▶ _Work task_: Please return the data that follows precisely as written, but without the images.

══ Exercise inputs

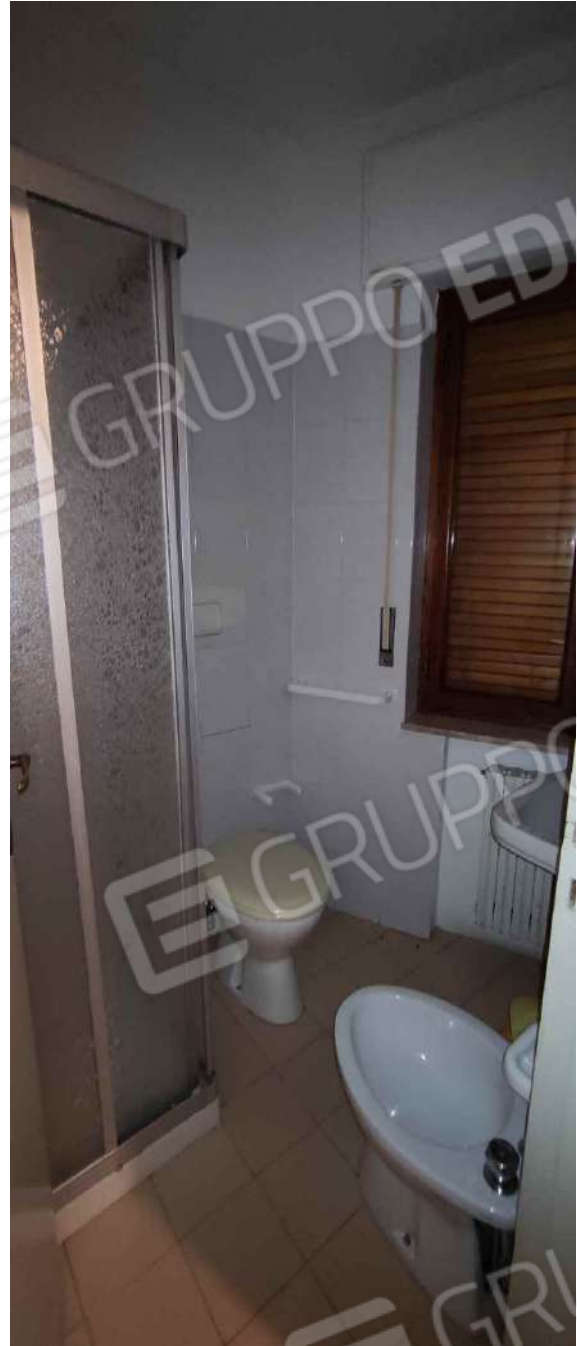
Bagno camera 6
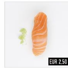
58. Sake Schottisches Lachsfilet
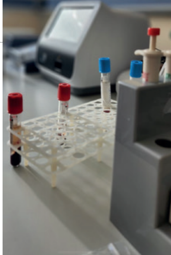
Imagen 1: Suero obtenido para realizar la medición de biomarcadores serológicos en el Laboratorio de Patología General, Facultad de Veterinaria, Universidad de Las Palmas de Gran Canaria.

Los péptidos natriuréticos son hormonas que se sintetizan principalmente en los cardiomiocitos auriculares y ventriculares. Son liberados frente a la sobre-estimulación crónica del sistema
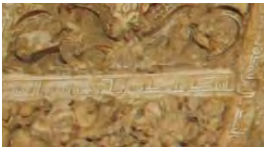
شکل ۹: تصویر محراب مسجد جامع ورامین. آیه ۱۳۷ بقره.

════

▶ _Task output_:
Bagno camera 6
58. Sake Schottisches Lachsfilet
Imagen 1: Suero obtenido para realizar la medición de biomarcadores serológicos en el Laboratorio de Patología General, Facultad de Veterinaria, Universidad de Las Palmas de Gran Canaria.

Los péptidos natriuréticos son hormonas que se sintetizan principalmente en los cardiomiocitos auriculares y ventriculares. Son liberados frente a la sobre-estimulación crónica del sistema
شکل ۹: تصویر محراب مسجد جامع ورامین. آیه ۱۳۷ بقره.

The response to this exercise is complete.